潜艇完全消失在海面下,只留下一片油污和漂浮的残骸。
“确认击沉。”声呐员报告,“螺旋桨声音停止,艇体破裂声持续。”
阿彻松了口气,但马上又紧张起来——击沉一艘潜艇固然好,但潜艇在沉没前可能已经发射了鱼雷。
“注意鱼雷航迹!全舰警戒!”
了望员们用望远镜疯狂扫视海面。果然,在月光下,几条白色的航迹正从潜艇沉没的方向延伸而来——是鱼雷,至少三枚。
“左满舵!全速!”阿彻吼道。
“鲨鱼”号紧急转向,舰体倾斜到几乎要翻覆的角度。第一枚鱼雷从舰艏前方不到二十米处擦过,第二枚从舰艉后方掠过。第三枚……
第三枚击中了。
但不是在舰体上,而是击中了刚刚放下的一艘摩托小艇——那小艇上还有两名水兵在救援幸存者。鱼雷爆炸的威力将小艇炸成碎片,两名水兵当场死亡,附近的几个救生筏也被掀翻。

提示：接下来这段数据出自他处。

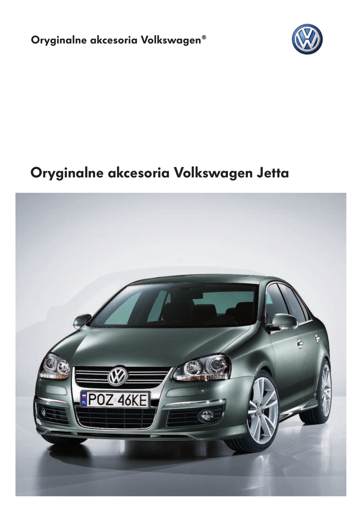 Oryginalne akcesoria Volkswagen® Oryginalne akcesoria Volkswagen Jetta Postęp jest fascynujący. Niewiele jest tematów, które tak bardzo pasjonują ludzkość. Oryginalne akcesoria Volkswagen® to spełnienie marzeń o indywidualności i wolności użytkowników VW. Oryginalne akcesoria Volkswagen® Oryginalne akcesoria Volkswagen® spełniają wymagania marki. Zanim nowy samochód pojawi się na rynku, konstruktorzy równolegle rozwijają, testują i w rezultacie zatwierdzają ofertę najlepszych akcesoriów. Volkswagen Individual Volkswagen Individual to innowacyjne technologie, wysokiej jakości materiały, przemyślane detale i kunsztowne wykonanie. To indywidualny i ekskluzywny charakter VW Jetta. Najwyższa jakość i maksymalna funkcjonalność to najważniejsze cechy oryginalnych akcesoriów. Partnerzy marki Volkswagen udzielą informacji na temat szerokiej oferty Oryginalnych akcesoriów Volkswagen® . 4 Sport i design elementy tuningowe, nakładki na pedały, listwa ozdobna 8 Felgi i koła felgi aluminiowe, kompletne koła, łańcuchy śniegowe, zabezpieczenia kół, pokrowce na opony Komunikacja 14 multimedia, systemy nawigacji, MEDIA-IN, adapter iPod, etui na CD, zmieniarka płyt, zestawy głośnomówiące Transport 20 systemy transportowe, haki holownicze, foteliki dziecięce Komfort i ochrona 26 dywaniki samochodowe, czujnik parkowania, tempomat, podstawa bagażnika, rolety przeciwsłoneczne, chlapacze, listwy ochronne Pielęgnacja i bezpieczeństwo 30 kosmetyki samochodowe, trójkąt ostrzegawczy, kamizelka ostrzegawcza, apteczka samochodowa Lifestyle 31 modele, brelok do kluczy, parasol, walizki Przedstawione w katalogu samochody zostały częściowo wyposażone w dodatkowe akcesoria. Podobnie jak pewne elementy dekoracyjne, nie są one dostępne wraz z opisanym produktem. Piękny i silny. Volkswagen Jetta ma wielu fanów Chcesz podkreślić elegancję Twojej Jetty, efektowny wygląd, a może sportowe osiągi? Wybierz do tego odpowiednie Oryginalne akcesoria Volkswagen®. Masz gwarancję, że inni się za Tobą obejrzą. Sport i design Oryginalne akcesoria Volkswagen® Spoiler przedni Mocny akcent. Wysokiej jakości aerodynamiczny spoiler przedni, wykonany z odpornego na pęknięcia tworzywa, nadaje silny, sportowy charakter. Art. nr: 1KM 071 609 9AX Oryginalne akcesoria Volkswagen® Komplet spoilerów progowych Oryginalne akcesoria Volkswagen® Zestaw dekoracyjny (ilustracja po lewej) Zestaw dekoracyjny wykonany z wysokiej jakości Sportowa, idealnie dopasowana do samochodu linia tworzywa odpornego na zarysowania oraz stwarza optyczne wrażenie niskiego zawieszenia. promieniowanie UV. Przeznaczony do przyklejenia Doskonałe uzupełnienie elementów tuningu. na słupku B. Łatwy w montażu. Dostępny w dwóch Montaż nie wymaga dodatkowych wierceń. wersjach: grafitowy oraz matowane aluminium. Art. nr: 1KM 071 685 9AX Art. nr: 1K9 071 350 A Art. nr: 1K9 071 350 B Oryginalne akcesoria Volkswagen® Nakładki na pedały Wykonane z wysokiej jakości stali z wkładką antypoślizgową. Art. nr: 1K1 064 200 Art. nr: 1K1 064 205 z manualną skrzynią biegów z automatyczną skrzynią biegów i DSG grafitowy matowane aluminium 4 5 Oryginalne akcesoria Volkswagen® Spoiler tylny Doskonale uzupełnia dynamiczny profil VW Jetta. Wykonany z wysokiej jakości tworzywa. Art. nr: 1KM 071 610 9AX Oryginalne akcesoria Volkswagen® Dyfuzor spoilera tylnego Wyraźnie podkreśla optykę spoilera oraz nadaje sportowy wygląd. Stwarza optyczne wrażenie niskiego zawieszenia. Art. nr: 1KM 071 611 9AX Art. nr: 1KM 071 611 A 9AX samochody z niewidoczną końcówką rury wydechowej (ilustracja poniżej) samochody z widoczną końcówką rury wydechowej (bez ilustracji) Sport i design Oryginalne akcesoria Volkswagen® Spoiler na krawędź klapy bagażnika Subtelny, ale efektywny 3-częściowy spoiler stanowi eleganckie wykończenie. Odpowiedni kształt spoilera wyzwala korzystne siły aerodynamiczne na tylnej osi, co wyraźnie poprawia stabilność jazdy. Art. nr: 1KM 071 640 9AX Oryginalne akcesoria Volkswagen® Spoiler na klapę bagażnika Nie tylko nadaje dynamiczny wygląd, lecz również optymalizuje aerodynamiczne własności VW Jetta. Idealnie dopasowany do samochodu. Art. nr: 1KM 071 646 9AX Oryginalne akcesoria Volkswagen® Listwa ozdobna Naklejana na dolny brzeg pokrywy bagażnika, stanowi atrakcyjne wykończenie. Art. nr: 1KM 071 360 6 7 Piękno podróżowania Każdy modny strój potrzebuje odpowiedniego obuwia. Dopasuj do pięknej sylwetki Jetty zestaw eleganckich felg aluminiowych lub stylowych kół. Oryginalne akcesoria Volkswagen® podkreślają indywidualny wygląd samochodu. Felgi i koła Oryginalne akcesoria Volkswagen® Felga aluminiowa „Vision” Oryginalne akcesoria Volkswagen® Felga aluminiowa „Vision” (ilustracja po lewej) (ilustracja po prawej) Wielkość felgi: 8 J x 18", ET 50, LK 5/112. Wielkość felgi: 8 J x 18", ET 50, LK 5/112. Wielkość opony1: 225/40 R18. Wielkość opony1: 225/40 R18. Kolor: srebrny Sterling, polerowana. Kolor: srebrno-czarny. Art. nr: 1K5 071 498 1ZL1, 2, 3 Art. nr: 1K5 071 498 0411, 2, 3 Wielkość felgi: 7 J x 17", ET 54, LK 5/112. Wielkość felgi: 7 J x 17", ET 54, LK 5/112. Wielkość opony: 225/45 R17. Wielkość opony1: 225/45 R17. Kolor: srebrny Sterling, polerowana. Kolor: srebrno-czarny. Art. nr: 1K5 071 497 1ZL Art. nr: 1K5 071 497 041 Kolor: srebrny Sterling. Art. nr: 1K5 071 497 666 8 9 Oryginalne akcesoria Volkswagen® Felga aluminiowa „Karthoum” Oryginalne akcesoria Volkswagen® Felga aluminiowa „Karthoum” Wielkość felgi: 8 J x 18", ET 50, LK 5/112. Wielkość felgi: 8 J x 18", ET 50, LK 5/112. Oryginalne akcesoria Volkswagen® Felga aluminiowa „Karthoum” Wielkość opony: 225/40 R18. Wielkość opony: 225/40 R18. Wielkość felgi: 8 J x 18", Kolor: srebrny Sterling. Kolor: tytanowy. ET 50, LK 5/112. Art. nr: 1K0 071 498 1ZL Art. nr: 1K0 071 498 V7U 1, 2, 3 1, 2, 3 Wielkość opony: 225/40 R18. Kolor: czar

阿彻闭上眼睛。又是两条生命,因为他的决策——因为停下来救援幸存者,给了潜艇攻击的机会。
战争就是这样,每一个选择都可能付出代价。救人,可能害死更多人;追击敌人,可能落入陷阱;谨慎规避,可能错失战机。
“继续救援。”他最终说,声音疲惫,“但加快速度。我们不能在这里停留太久。”
他走到海图前,标注了发现幸存者的位置、击沉潜艇的位置、以及“黑王子”号沉没的大致方位。然后,他用红笔画出一条箭头,指向东南。
德国主力舰队,正在向合恩礁方向移动。而他的任务,就是把这条情报,送到杰利科手中。
无论付出什么代价。
凌晨两点三十分,合恩礁水雷区西缘。
德国战列舰“大选帝侯”号的舰桥上,航海长汉斯·克虏伯上尉正用颤抖的手握着六分仪,试图通过偶尔从云层中露出的星星进行定位。
在浓雾和夜色中,传统导航方法几乎失效。陀螺罗经有误差,计程仪读数不准,甚至连海流方向都难以判断。他们唯一能依靠的,就是对这片海域的熟悉——以及祈祷。
“位置?”舰长走过来问,声音同样紧绷。
克虏伯看了看计算出的坐标,又看了看海图,额头上渗出冷汗:“长官,根据天文定位,我们现在应该在这里。”
他在海图上指了一个点,正好在合恩礁水雷区的边缘线上——不,不是线上,是线内一点点。